## WHAT IS EXPECTED
The answer must consist only of the lines from the line with "Mit einem Umfang" to the line with "XYZ 51.111,66.801,80.721 Color", both included, exactly as they stand below.

----- DATA

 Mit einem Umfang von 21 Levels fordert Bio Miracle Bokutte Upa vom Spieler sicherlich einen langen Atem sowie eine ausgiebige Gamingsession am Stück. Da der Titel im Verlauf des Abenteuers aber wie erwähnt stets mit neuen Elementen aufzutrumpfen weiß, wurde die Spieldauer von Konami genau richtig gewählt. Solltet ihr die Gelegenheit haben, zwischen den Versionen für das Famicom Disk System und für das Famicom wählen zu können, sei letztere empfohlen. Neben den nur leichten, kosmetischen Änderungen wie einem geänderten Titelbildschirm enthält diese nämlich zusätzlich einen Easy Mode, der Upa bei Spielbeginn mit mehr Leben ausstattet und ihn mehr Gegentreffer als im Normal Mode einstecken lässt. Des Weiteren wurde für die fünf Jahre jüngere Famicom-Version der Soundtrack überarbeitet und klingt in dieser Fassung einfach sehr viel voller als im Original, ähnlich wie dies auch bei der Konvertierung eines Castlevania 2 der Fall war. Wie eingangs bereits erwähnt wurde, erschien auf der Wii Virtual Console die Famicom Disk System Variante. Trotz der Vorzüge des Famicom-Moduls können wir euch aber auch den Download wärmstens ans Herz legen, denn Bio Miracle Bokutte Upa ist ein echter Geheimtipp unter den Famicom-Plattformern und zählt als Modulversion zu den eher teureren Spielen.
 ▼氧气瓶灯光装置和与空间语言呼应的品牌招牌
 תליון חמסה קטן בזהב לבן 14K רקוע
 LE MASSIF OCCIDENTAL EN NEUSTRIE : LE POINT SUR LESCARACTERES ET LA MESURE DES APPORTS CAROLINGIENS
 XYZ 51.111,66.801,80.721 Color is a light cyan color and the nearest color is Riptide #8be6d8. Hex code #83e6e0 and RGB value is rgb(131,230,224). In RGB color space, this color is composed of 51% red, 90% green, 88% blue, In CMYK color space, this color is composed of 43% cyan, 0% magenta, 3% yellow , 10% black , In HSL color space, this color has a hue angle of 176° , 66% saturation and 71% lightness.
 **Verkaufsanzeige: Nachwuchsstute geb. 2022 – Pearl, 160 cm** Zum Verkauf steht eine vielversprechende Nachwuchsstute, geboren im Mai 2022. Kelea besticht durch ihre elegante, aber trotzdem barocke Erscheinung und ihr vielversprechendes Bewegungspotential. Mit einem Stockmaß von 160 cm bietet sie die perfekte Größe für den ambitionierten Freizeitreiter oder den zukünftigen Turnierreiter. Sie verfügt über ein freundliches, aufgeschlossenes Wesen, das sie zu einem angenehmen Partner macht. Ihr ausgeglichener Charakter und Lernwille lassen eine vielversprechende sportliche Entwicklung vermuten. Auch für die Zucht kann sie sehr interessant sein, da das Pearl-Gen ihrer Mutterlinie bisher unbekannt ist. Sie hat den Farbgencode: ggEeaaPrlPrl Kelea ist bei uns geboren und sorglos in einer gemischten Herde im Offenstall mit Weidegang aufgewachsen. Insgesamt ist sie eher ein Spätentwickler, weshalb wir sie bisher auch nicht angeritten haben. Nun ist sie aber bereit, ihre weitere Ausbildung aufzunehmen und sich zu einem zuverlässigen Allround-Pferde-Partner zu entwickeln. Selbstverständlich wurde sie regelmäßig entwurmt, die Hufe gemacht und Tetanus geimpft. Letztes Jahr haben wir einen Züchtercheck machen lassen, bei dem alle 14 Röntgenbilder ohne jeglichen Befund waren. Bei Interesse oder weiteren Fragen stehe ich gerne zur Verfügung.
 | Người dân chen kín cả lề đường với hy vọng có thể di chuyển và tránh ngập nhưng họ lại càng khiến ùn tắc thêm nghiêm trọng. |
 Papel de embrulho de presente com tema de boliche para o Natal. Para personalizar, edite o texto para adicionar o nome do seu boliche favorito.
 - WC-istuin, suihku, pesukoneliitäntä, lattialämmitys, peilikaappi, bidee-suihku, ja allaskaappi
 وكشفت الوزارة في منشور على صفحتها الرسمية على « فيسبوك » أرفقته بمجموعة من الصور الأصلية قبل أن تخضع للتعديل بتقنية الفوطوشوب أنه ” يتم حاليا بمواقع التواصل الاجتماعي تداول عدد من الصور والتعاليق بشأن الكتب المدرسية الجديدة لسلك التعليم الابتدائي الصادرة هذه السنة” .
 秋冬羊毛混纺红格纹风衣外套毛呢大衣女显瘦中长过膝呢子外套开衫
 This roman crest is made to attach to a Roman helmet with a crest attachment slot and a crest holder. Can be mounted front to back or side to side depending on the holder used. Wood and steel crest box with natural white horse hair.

----------
----- DATA

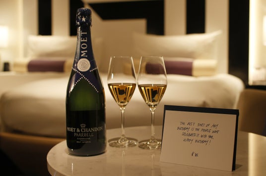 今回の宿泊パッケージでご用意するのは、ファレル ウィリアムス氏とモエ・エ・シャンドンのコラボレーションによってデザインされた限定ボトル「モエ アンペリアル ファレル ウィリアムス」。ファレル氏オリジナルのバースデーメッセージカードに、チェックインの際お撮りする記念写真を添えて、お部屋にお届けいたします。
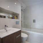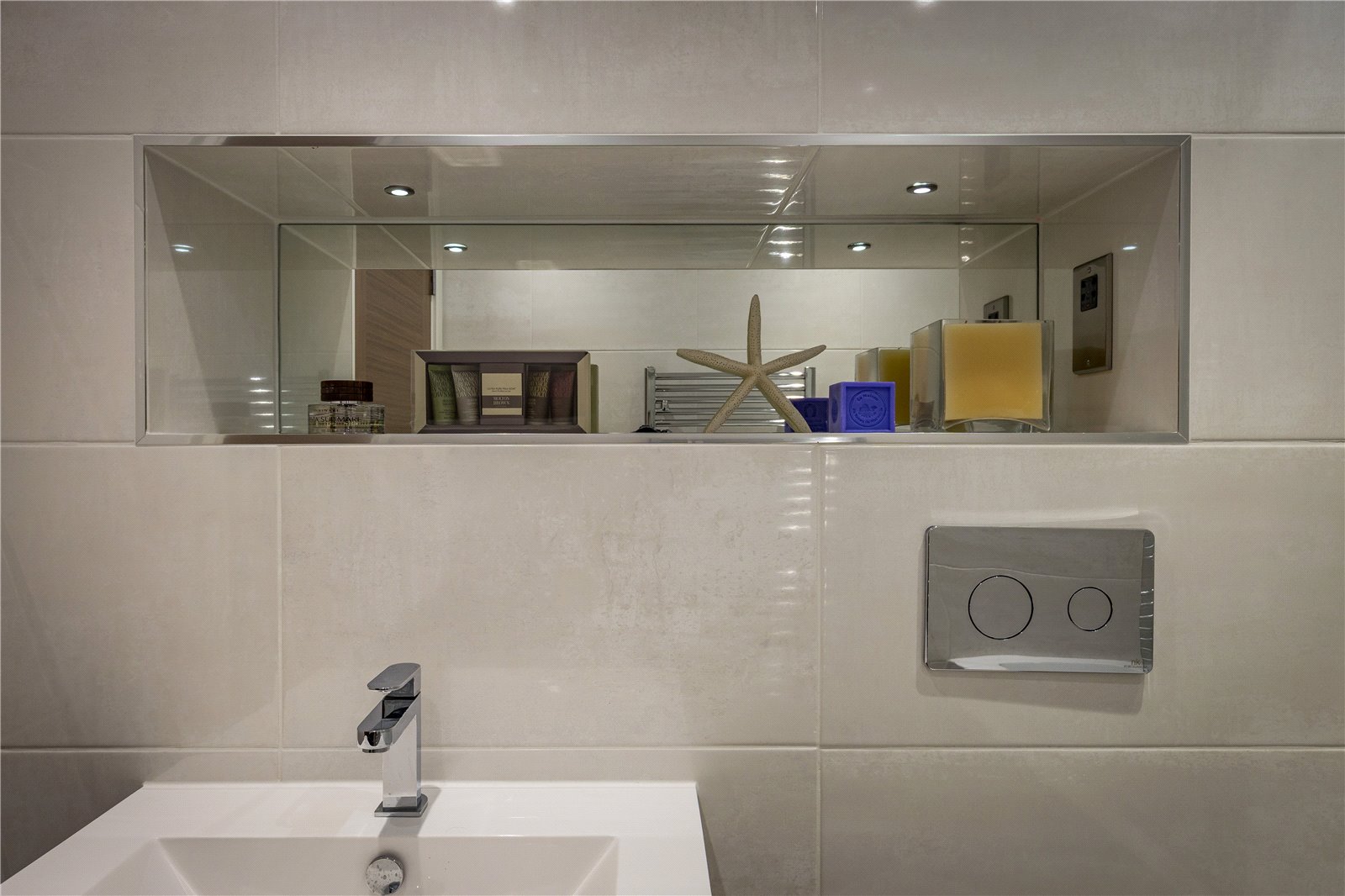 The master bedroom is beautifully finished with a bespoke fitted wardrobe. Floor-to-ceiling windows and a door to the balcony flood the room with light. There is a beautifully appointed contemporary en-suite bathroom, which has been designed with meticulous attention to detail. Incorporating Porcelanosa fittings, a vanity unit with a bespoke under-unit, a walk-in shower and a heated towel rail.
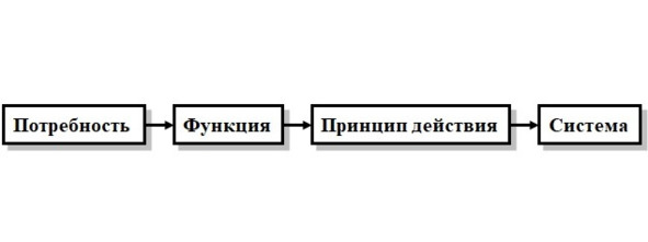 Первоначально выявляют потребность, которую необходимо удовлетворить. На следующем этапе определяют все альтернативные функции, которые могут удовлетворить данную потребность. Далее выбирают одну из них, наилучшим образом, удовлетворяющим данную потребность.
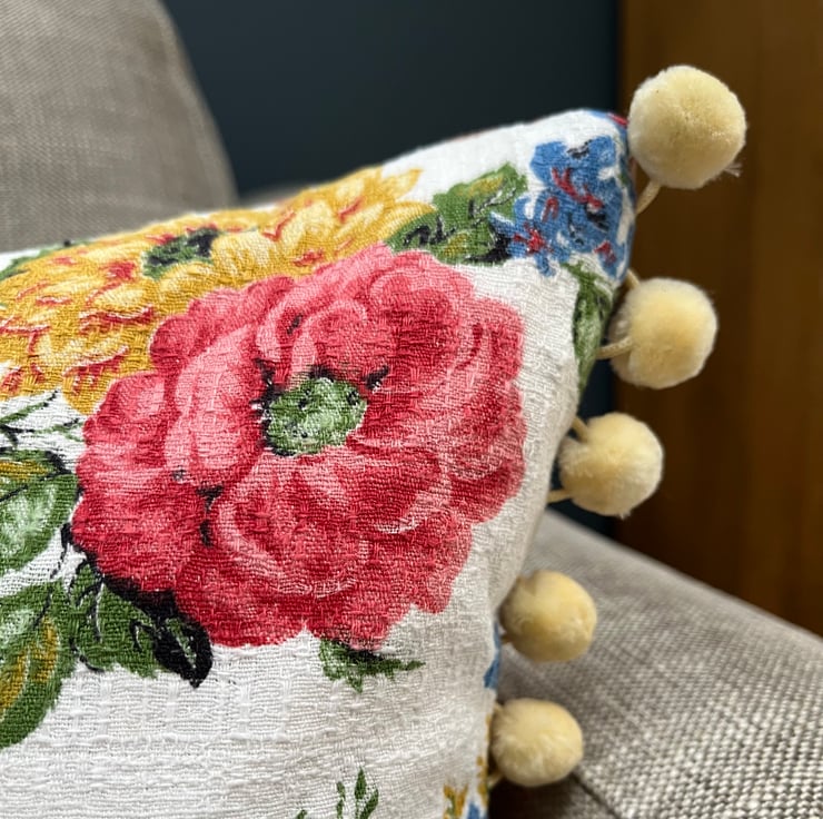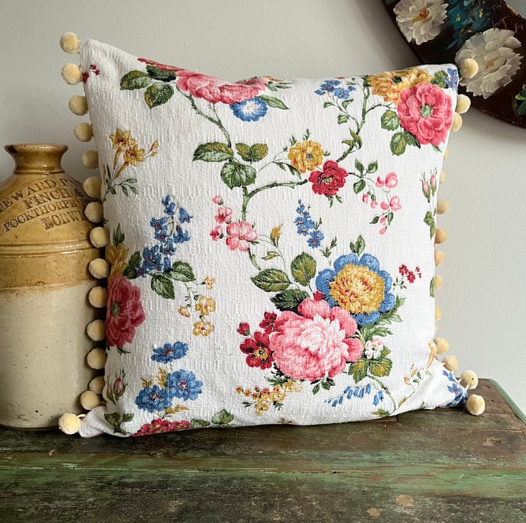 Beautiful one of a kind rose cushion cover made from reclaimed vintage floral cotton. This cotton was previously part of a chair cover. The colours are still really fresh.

----------

## PROBLEM SOLUTION
 Mit einem Umfang von 21 Levels fordert Bio Miracle Bokutte Upa vom Spieler sicherlich einen langen Atem sowie eine ausgiebige Gamingsession am Stück. Da der Titel im Verlauf des Abenteuers aber wie erwähnt stets mit neuen Elementen aufzutrumpfen weiß, wurde die Spieldauer von Konami genau richtig gewählt. Solltet ihr die Gelegenheit haben, zwischen den Versionen für das Famicom Disk System und für das Famicom wählen zu können, sei letztere empfohlen. Neben den nur leichten, kosmetischen Änderungen wie einem geänderten Titelbildschirm enthält diese nämlich zusätzlich einen Easy Mode, der Upa bei Spielbeginn mit mehr Leben ausstattet und ihn mehr Gegentreffer als im Normal Mode einstecken lässt. Des Weiteren wurde für die fünf Jahre jüngere Famicom-Version der Soundtrack überarbeitet und klingt in dieser Fassung einfach sehr viel voller als im Original, ähnlich wie dies auch bei der Konvertierung eines Castlevania 2 der Fall war. Wie eingangs bereits erwähnt wurde, erschien auf der Wii Virtual Console die Famicom Disk System Variante. Trotz der Vorzüge des Famicom-Moduls können wir euch aber auch den Download wärmstens ans Herz legen, denn Bio Miracle Bokutte Upa ist ein echter Geheimtipp unter den Famicom-Plattformern und zählt als Modulversion zu den eher teureren Spielen.
 ▼氧气瓶灯光装置和与空间语言呼应的品牌招牌
 תליון חמסה קטן בזהב לבן 14K רקוע
 LE MASSIF OCCIDENTAL EN NEUSTRIE : LE POINT SUR LESCARACTERES ET LA MESURE DES APPORTS CAROLINGIENS
 XYZ 51.111,66.801,80.721 Color is a light cyan color and the nearest color is Riptide #8be6d8. Hex code #83e6e0 and RGB value is rgb(131,230,224). In RGB color space, this color is composed of 51% red, 90% green, 88% blue, In CMYK color space, this color is composed of 43% cyan, 0% magenta, 3% yellow , 10% black , In HSL color space, this color has a hue angle of 176° , 66% saturation and 71% lightness.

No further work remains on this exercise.